Публика для него действительно невероятно важна, поскольку в картине нет ничего, что бы не было сделано с явной целью -- произвести эмоциональное впечатление. И производит. Не стесняясь -- штамп попадется, пусть будет штамп, перехлест всяко лучше, чем недожим. Результат у одних вызывает искренний и невероятный восторг, у других -- раздражение, но мало кого оставляет равнодушным. Цепляет. Царапает. Захватывает. Запоминается. Разламывается на кадры, подобно тому, как ритмизированная проза из вырыпаевских пьес разбивается на строчки. Фильм можно нагрузить смыслами, объяснить, что в сегодняшней реальности люди вновь беззащитны перед судьбой, как в античные, дохристианские времена, что природа страсти столь же безжалостна, как и сама мать-природа -- мир материи, равно безразличный к камню, к животному и к человеку. Можно оставить без комментариев, просто запомнив красное пятно платья -- точкой -- на фоне снятой с самолета степи.
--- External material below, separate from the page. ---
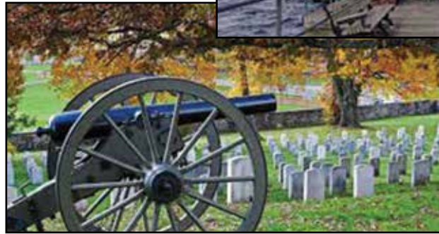
Above: Seneca Lake Left: Gettysbrug Below: Sight and Sound, Lancaster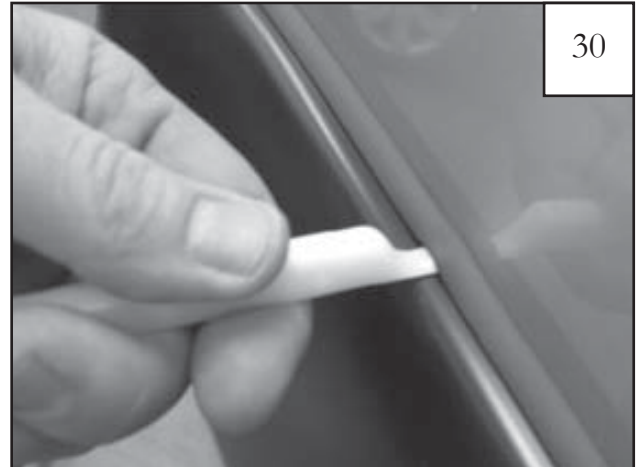
Using flat end of supplied Edge Trim Tool (ET1-0002), seat edge trim against flare by inserting straight end between edge trim and flare at one end. Next, slide around entire edge to the other end.

Камера -- вжик-вжик -- проносится над дорогой, степью, рекой, и с чьим взглядом ее прикажете отождествлять? Птицы? Ветра? Солнечного света? Не разбирающихся в том, что этим людям надо и в чем состоит смысл их суеты. Люди бегают, движутся туда-сюда, застывают на краях, плывут по рекам незнамо куда, шастают на разбитых доисторических машинах, и в их движении нет логики, нет цели, тем более что из этого мира хоть три года скачи, ни до какого государства, ни до какого осмысленного пространства не доскачешь. Пусто, просторно, бесчеловечно.
Новое варварство, возникшее на останках старых культур, играет их святынями, как безделушками, примеряет не всегда ему понятные формы, осваивая и забавляясь, пугаясь и угрожая. В нем есть свежесть молодой крови, оно ищет простые смыслы и радуется ярким и сильным чувствам. Возможно, такого кино у нас еще просто не было: не линейного, не рационального, растворенного в изображении. Не утонченного, но чувственного. Агрессивного, как дорожные знаки.